### DATA BELOW:

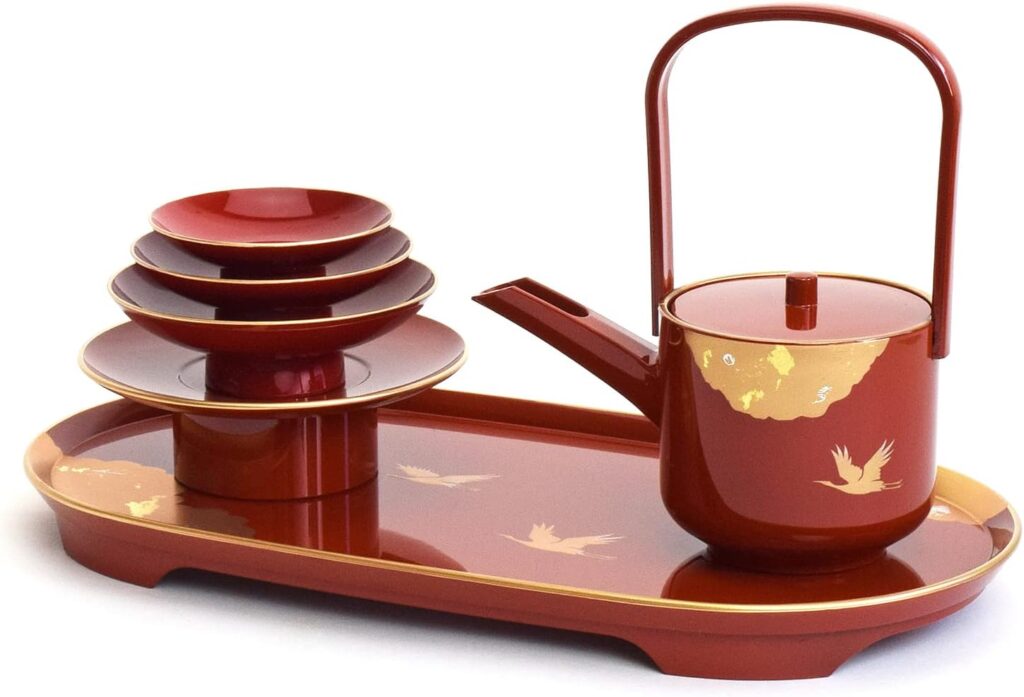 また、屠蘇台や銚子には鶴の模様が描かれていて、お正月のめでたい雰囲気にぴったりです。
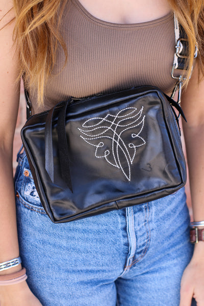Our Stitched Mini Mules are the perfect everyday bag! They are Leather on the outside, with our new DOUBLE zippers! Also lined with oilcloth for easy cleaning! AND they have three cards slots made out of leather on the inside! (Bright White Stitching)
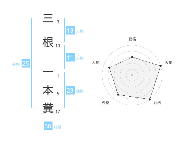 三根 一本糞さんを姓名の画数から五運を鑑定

### AIM OF THE TASK:
Return the whole listing word for word, minus its pictures.

### RESPONSE AREA:
 また、屠蘇台や銚子には鶴の模様が描かれていて、お正月のめでたい雰囲気にぴったりです。
Our Stitched Mini Mules are the perfect everyday bag! They are Leather on the outside, with our new DOUBLE zippers! Also lined with oilcloth for easy cleaning! AND they have three cards slots made out of leather on the inside! (Bright White Stitching)
 三根 一本糞さんを姓名の画数から五運を鑑定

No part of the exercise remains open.